* _Input records_
....

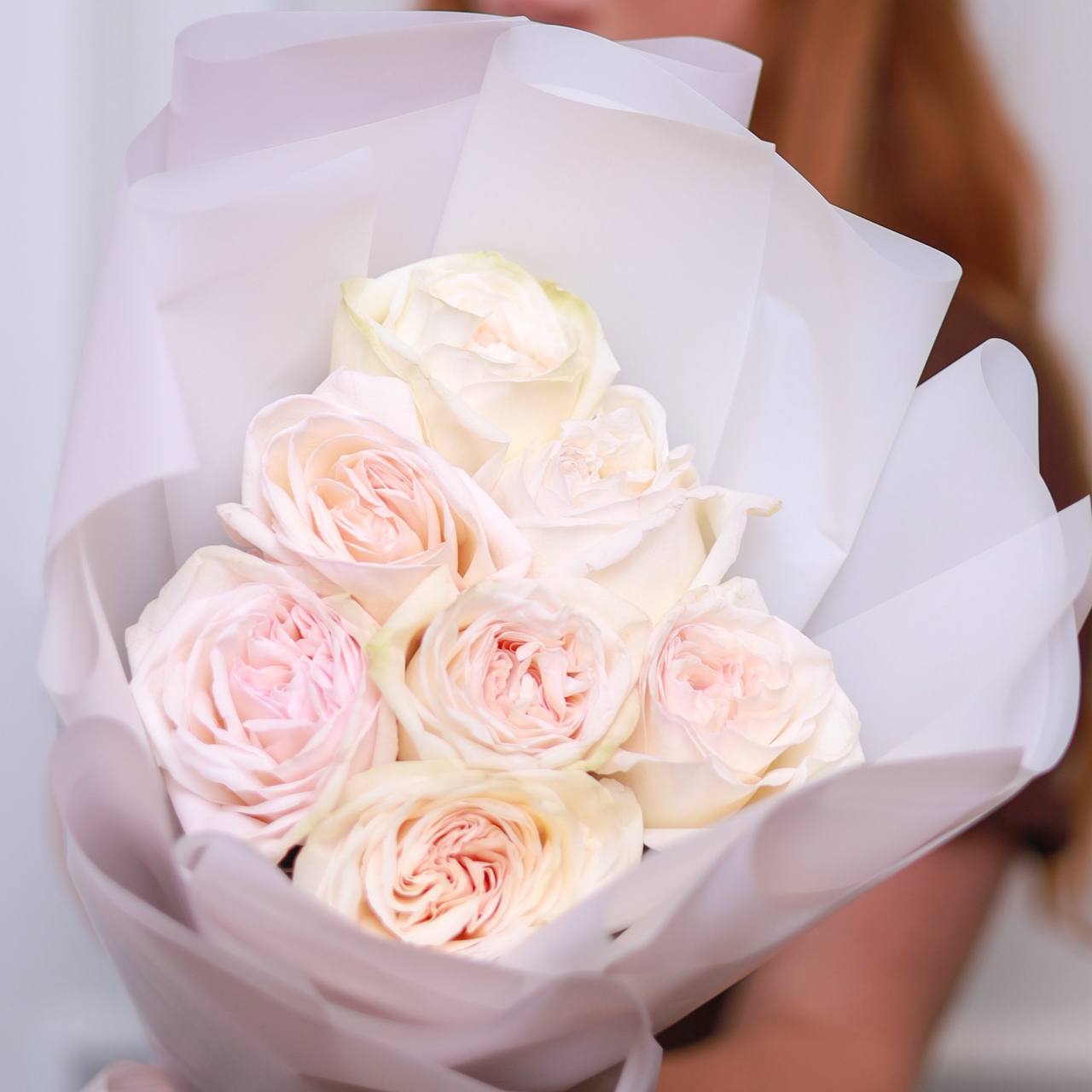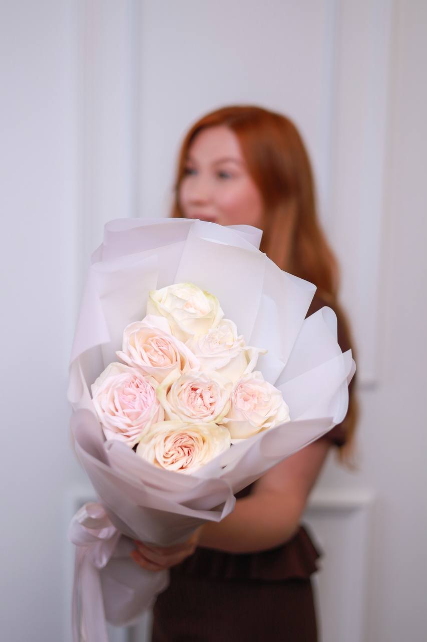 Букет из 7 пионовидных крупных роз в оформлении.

....

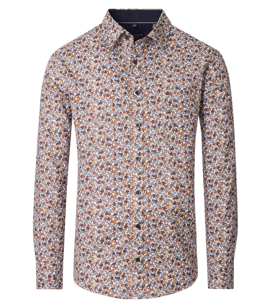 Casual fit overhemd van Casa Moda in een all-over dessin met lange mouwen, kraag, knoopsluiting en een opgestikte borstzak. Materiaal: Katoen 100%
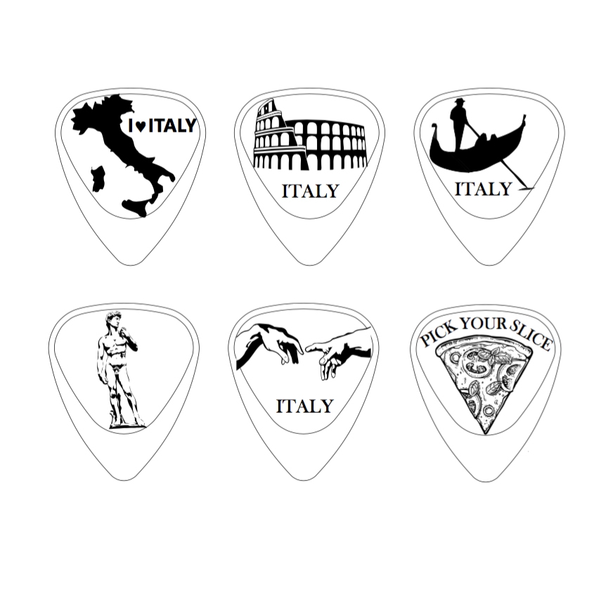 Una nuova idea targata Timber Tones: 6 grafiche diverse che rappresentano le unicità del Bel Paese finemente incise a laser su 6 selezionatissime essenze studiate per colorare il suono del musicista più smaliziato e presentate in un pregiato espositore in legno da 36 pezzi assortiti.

....

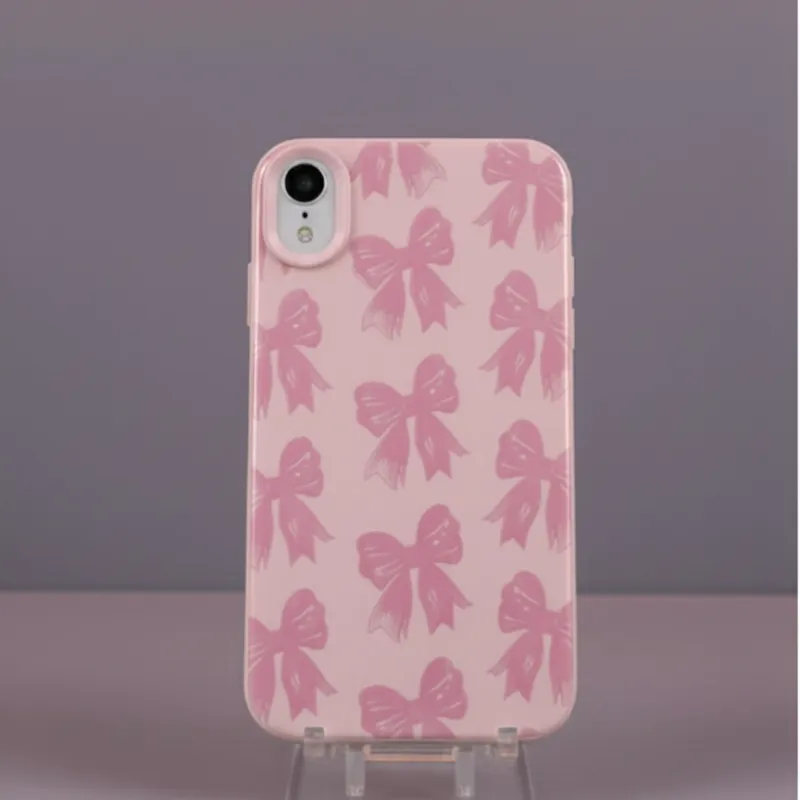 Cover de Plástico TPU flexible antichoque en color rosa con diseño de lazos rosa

....

* _What to work on_
Repeat, without pictures, exactly the lines of the data above from the one containing "Casual fit overhemd" through the one containing "Una nuova idea", including both and adding nothing.

* _The answer_
 Casual fit overhemd van Casa Moda in een all-over dessin met lange mouwen, kraag, knoopsluiting en een opgestikte borstzak. Materiaal: Katoen 100%
 Una nuova idea targata Timber Tones: 6 grafiche diverse che rappresentano le unicità del Bel Paese finemente incise a laser su 6 selezionatissime essenze studiate per colorare il suono del musicista più smaliziato e presentate in un pregiato espositore in legno da 36 pezzi assortiti.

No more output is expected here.